═══ Data for analysis
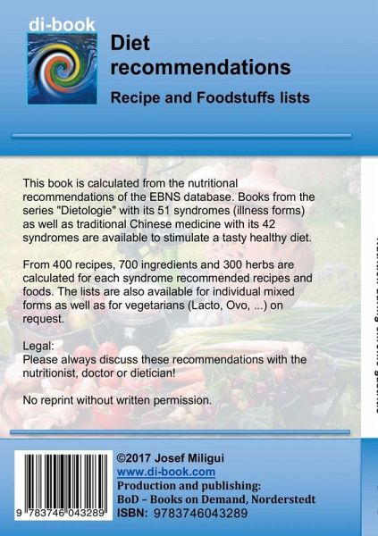 di-book - nutritional counseling after syndromes - Diet recommendations, recipes and food supplements for supporting the school medicine therapy. The recipes help you to cook tasty dishes. All recipes with cooking instructions, calorie indications and description of the effect. The foods are shown in categories recommended, yes, little and no and help you to orientate if your own recipes should be cooked.
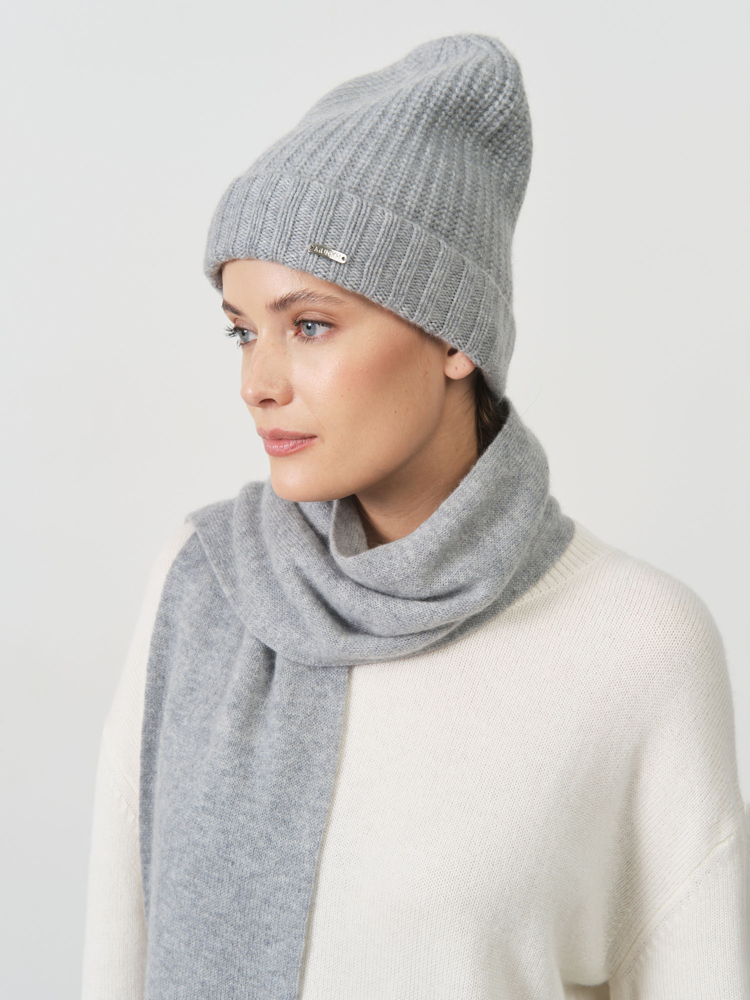 Шарф из кашемира 03034 серо-голубой
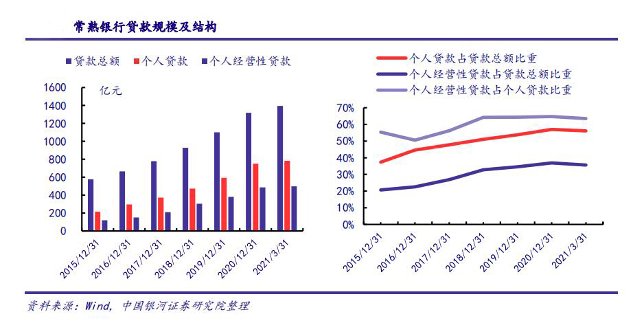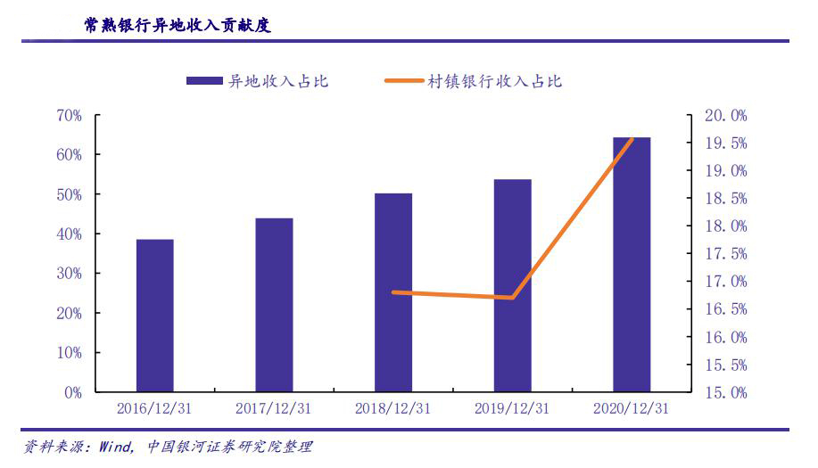 2007年常熟银行以增资扩股方式引入交通银行战略入股,成为全国首家引入国有大行作为战略投资者的农村商业银行。截至2021年第一季度末,交通银行持有该行约9%股份,是常熟银行第一大股东。2021年6月,常熟银行与交通银行签署2021-2023年战略合作协议,明确2021-2023年双方将围绕普惠金融、贸易金融、科技金融、财富金融等重点领域继续开展合作,助力常熟银行持续走在农商行前列。依托布局省内的分支机构和辐射全国的村镇银行,常熟银行积极推动日臻成熟的小微信贷工厂模式“走出去”,经过十多年发展,目前已拥有常熟以外地区机构59家,覆盖江苏省内10个地市,这些异地机构复制微贷技术、专营镇村市场,取得了良好的成效。从2007年在湖北咸丰设立首家村镇银行开始,常熟银行按照“一张执照、一支队伍、一个模式”的思路,已在湖北、江苏、云南、河南、海南等5省市批量化组建了31家兴福村镇银行,其中有22家在中西部县域,设立初覆盖了16个国定贫困县,并从2016年起,逐步建立了近百家新型农村金融服务点“兴福驿站”。所有村行均采用常熟银行微贷技术,确立了“本地化、有特色、不做大、往下沉、有效益、可持续”的十八字方针,基本形成“一亏二平三盈利”格局,即新开村镇银行第一年略微亏损、第二年盈亏持平、第三年开始盈利。2019年,常熟银行设立全国首家投资管理型村镇银行,对辖内兴福系村镇银行实行集约化管理。
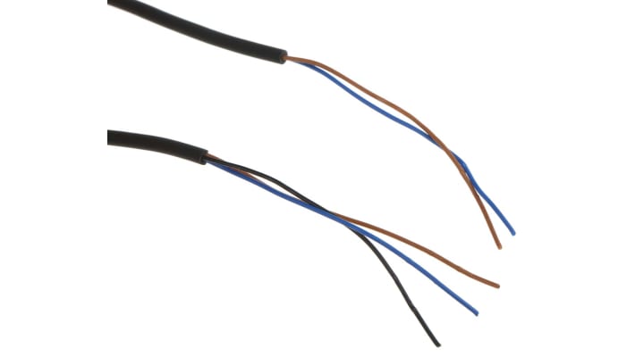 Sensore fotoelettrico a fascio diretto, rilevamento 500 mm, uscita PNP, cavo a 3 fili da 2 m. Tensione massima 26.4V, corrente massima 50 mA, tempo di risposta 1 ms. Grado di protezione IP67, temperatura operativa da -25°C a +55°C. Custodia in PBT, serie E3T, dotato di LED per allineamento e minima influenza di oggetti riflettenti.
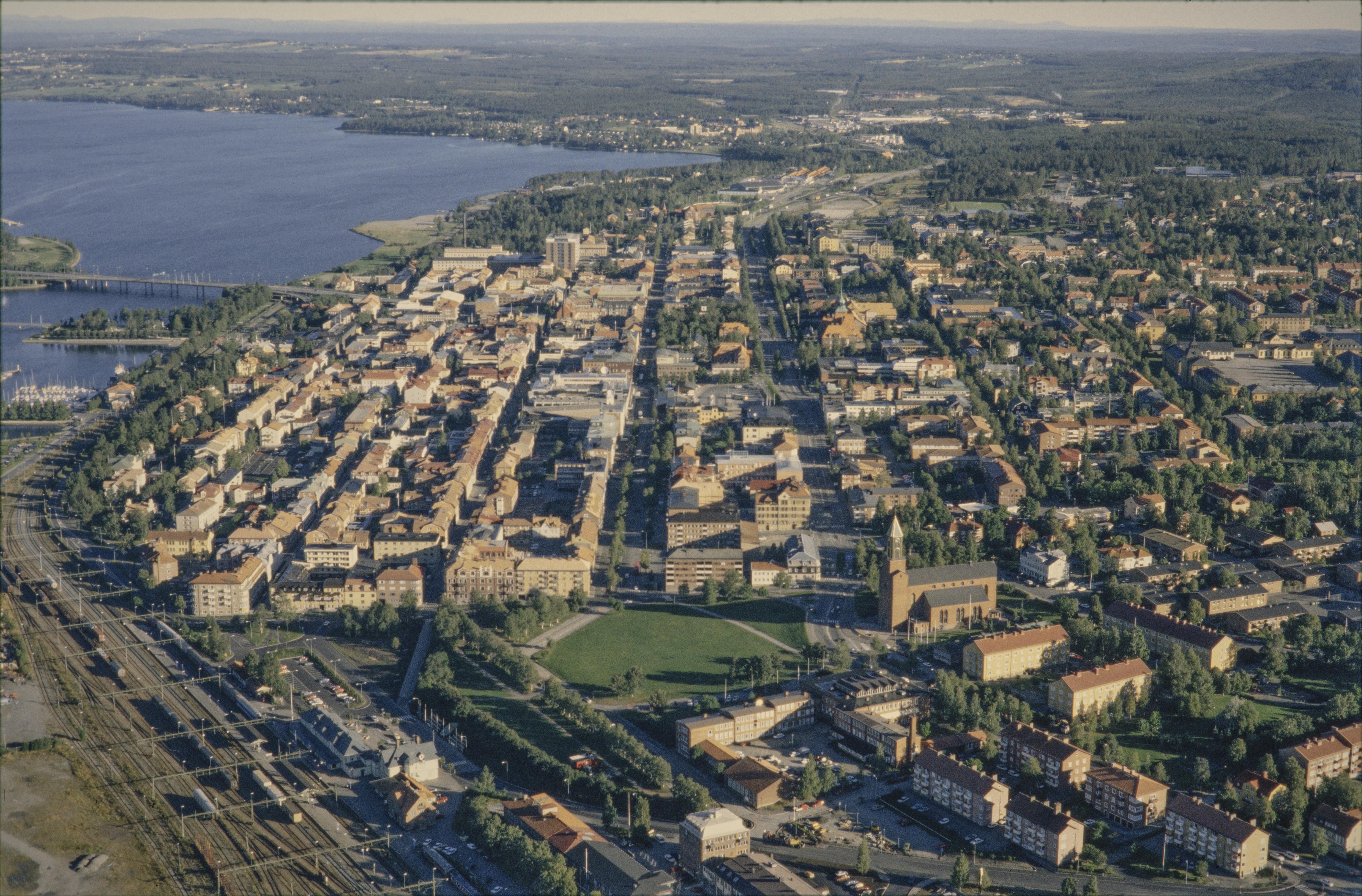 Beskrivning: Östersunds stad vid Åssjön. Stora kyrkan till höger under bildens mitt. Vid bron till vänster över bildens mitt bytomt RAÄnr Östersund 56:1. Bilden är tagen mot (väderstreck): N
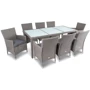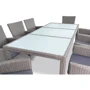 У набір меблів Di Volio VERONA входять елегантні крісла універсального кольору, великий стіл зі скляною стільницею, м'які подушки, елементи кріплення і спеціальний захисний чохол.
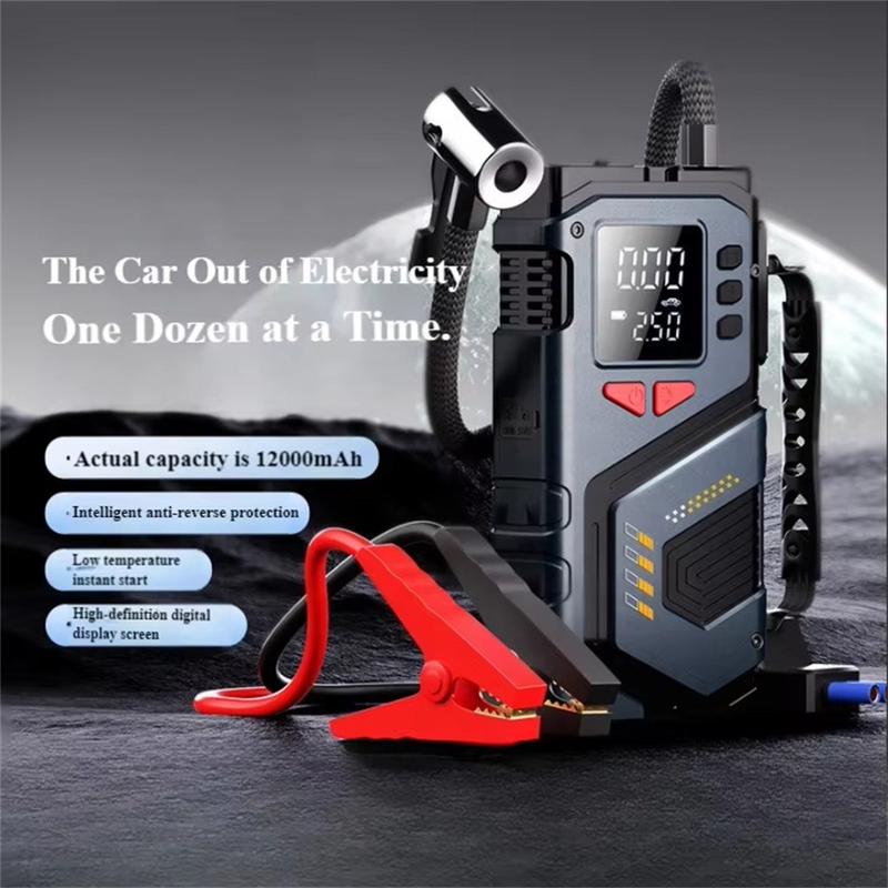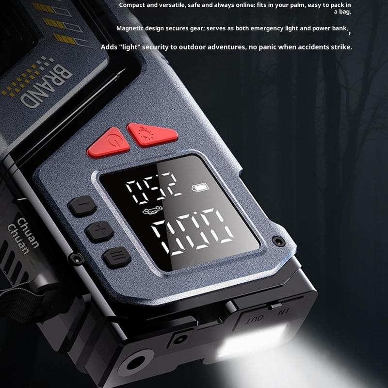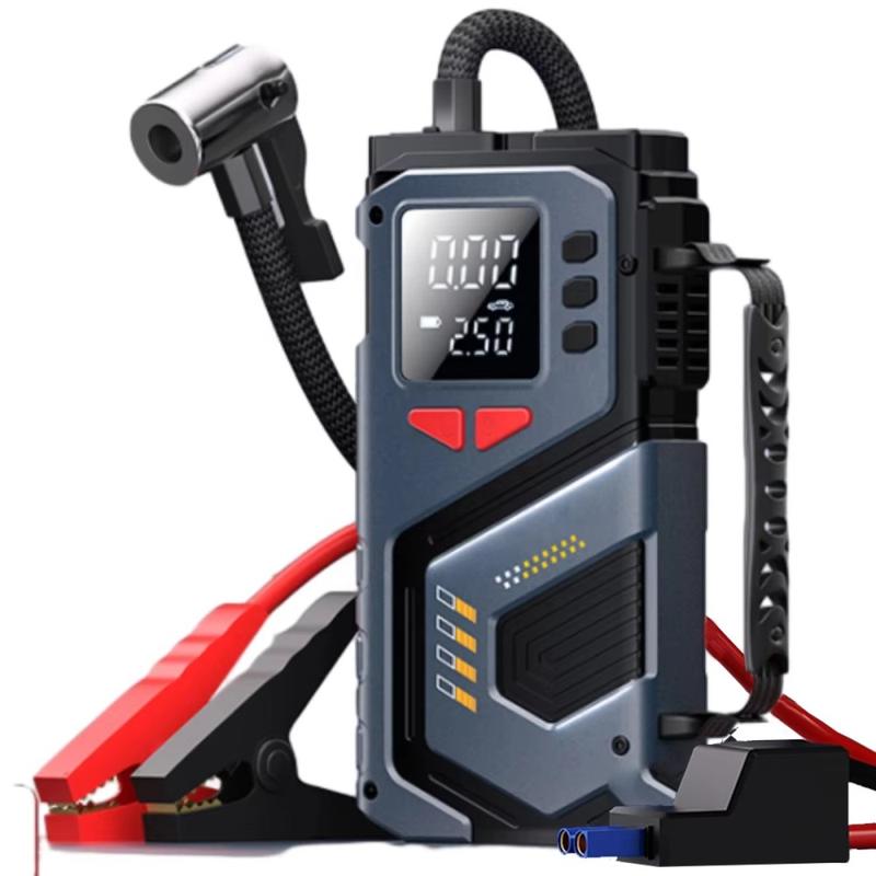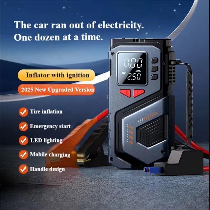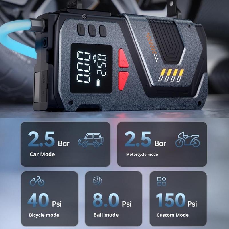The H06 multifunction car device combines a wireless air pump, emergency jump starter, and LED flashlight, giving you a complete roadside solution in one compact and portable unit. Perfect for cars, electric vehicles, bicycles and outdoor emergencies.
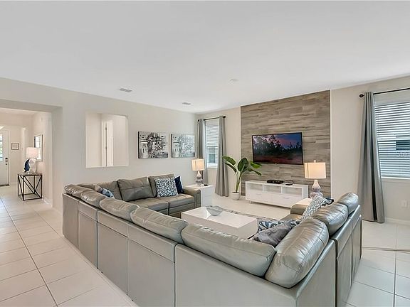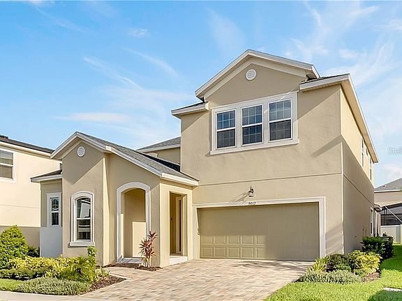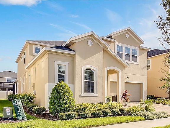 This is an opportunity you do not want to miss! Beautiful 5 bedroom, 4.5 bath home, zoned for short-term rentals, located in the gated community of Solara in Kissimmee. The open floor-plan offers plenty of gathering space with a spacious family room, dining area and a kitchen that is sure to please the home chef. The stunning kitchen provides ample storage and counter space featuring deep, wood cabinets, stainless steel appliances and a huge island with a breakfast bar. The living space overlooks a covered patio and screened-in pool area creating a backyard oasis perfect for cookouts, or simply lounging in the gorgeous Florida weather. This spectacular home boasts TWO Master Suites! One is located on the main floor and the other on the second; both include an ensuite. Additional bedrooms are generously sized and ideal for family, guests, a game room, home office or nearly anything else to fit your needs. Furnishing and decor included in the sale. Owners are only permitted to stay at the property for a maximum of 30 days at a time. Solara offers an abundance of amenities including a restaurant and coffee shop, a pool with a bar, a water slide and splash pad, fitness center, basketball and volleyball courts, soccer field and so much more! If the community doesn't offer enough excitement, popular shopping, dining, entertainment and amusement destinations are minutes away. Schedule your showing today before it's too late!
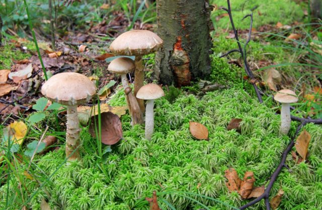 Manchmal berichten Pilzsammler von ungewöhnlichen Funden: einer Familie von Sumpfboletus auf einem noch stehenden Stamm einer faulen Birke.
══════
**What needs to be done:** A verbatim transcript of the entries above is required, with the pictures left out.

**Exercise output:**
 di-book - nutritional counseling after syndromes - Diet recommendations, recipes and food supplements for supporting the school medicine therapy. The recipes help you to cook tasty dishes. All recipes with cooking instructions, calorie indications and description of the effect. The foods are shown in categories recommended, yes, little and no and help you to orientate if your own recipes should be cooked.
 Шарф из кашемира 03034 серо-голубой
 2007年常熟银行以增资扩股方式引入交通银行战略入股,成为全国首家引入国有大行作为战略投资者的农村商业银行。截至2021年第一季度末,交通银行持有该行约9%股份,是常熟银行第一大股东。2021年6月,常熟银行与交通银行签署2021-2023年战略合作协议,明确2021-2023年双方将围绕普惠金融、贸易金融、科技金融、财富金融等重点领域继续开展合作,助力常熟银行持续走在农商行前列。依托布局省内的分支机构和辐射全国的村镇银行,常熟银行积极推动日臻成熟的小微信贷工厂模式“走出去”,经过十多年发展,目前已拥有常熟以外地区机构59家,覆盖江苏省内10个地市,这些异地机构复制微贷技术、专营镇村市场,取得了良好的成效。从2007年在湖北咸丰设立首家村镇银行开始,常熟银行按照“一张执照、一支队伍、一个模式”的思路,已在湖北、江苏、云南、河南、海南等5省市批量化组建了31家兴福村镇银行,其中有22家在中西部县域,设立初覆盖了16个国定贫困县,并从2016年起,逐步建立了近百家新型农村金融服务点“兴福驿站”。所有村行均采用常熟银行微贷技术,确立了“本地化、有特色、不做大、往下沉、有效益、可持续”的十八字方针,基本形成“一亏二平三盈利”格局,即新开村镇银行第一年略微亏损、第二年盈亏持平、第三年开始盈利。2019年,常熟银行设立全国首家投资管理型村镇银行,对辖内兴福系村镇银行实行集约化管理。
 Sensore fotoelettrico a fascio diretto, rilevamento 500 mm, uscita PNP, cavo a 3 fili da 2 m. Tensione massima 26.4V, corrente massima 50 mA, tempo di risposta 1 ms. Grado di protezione IP67, temperatura operativa da -25°C a +55°C. Custodia in PBT, serie E3T, dotato di LED per allineamento e minima influenza di oggetti riflettenti.
 Beskrivning: Östersunds stad vid Åssjön. Stora kyrkan till höger under bildens mitt. Vid bron till vänster över bildens mitt bytomt RAÄnr Östersund 56:1. Bilden är tagen mot (väderstreck): N
 У набір меблів Di Volio VERONA входять елегантні крісла універсального кольору, великий стіл зі скляною стільницею, м'які подушки, елементи кріплення і спеціальний захисний чохол.
The H06 multifunction car device combines a wireless air pump, emergency jump starter, and LED flashlight, giving you a complete roadside solution in one compact and portable unit. Perfect for cars, electric vehicles, bicycles and outdoor emergencies.
 This is an opportunity you do not want to miss! Beautiful 5 bedroom, 4.5 bath home, zoned for short-term rentals, located in the gated community of Solara in Kissimmee. The open floor-plan offers plenty of gathering space with a spacious family room, dining area and a kitchen that is sure to please the home chef. The stunning kitchen provides ample storage and counter space featuring deep, wood cabinets, stainless steel appliances and a huge island with a breakfast bar. The living space overlooks a covered patio and screened-in pool area creating a backyard oasis perfect for cookouts, or simply lounging in the gorgeous Florida weather. This spectacular home boasts TWO Master Suites! One is located on the main floor and the other on the second; both include an ensuite. Additional bedrooms are generously sized and ideal for family, guests, a game room, home office or nearly anything else to fit your needs. Furnishing and decor included in the sale. Owners are only permitted to stay at the property for a maximum of 30 days at a time. Solara offers an abundance of amenities including a restaurant and coffee shop, a pool with a bar, a water slide and splash pad, fitness center, basketball and volleyball courts, soccer field and so much more! If the community doesn't offer enough excitement, popular shopping, dining, entertainment and amusement destinations are minutes away. Schedule your showing today before it's too late!
 Manchmal berichten Pilzsammler von ungewöhnlichen Funden: einer Familie von Sumpfboletus auf einem noch stehenden Stamm einer faulen Birke.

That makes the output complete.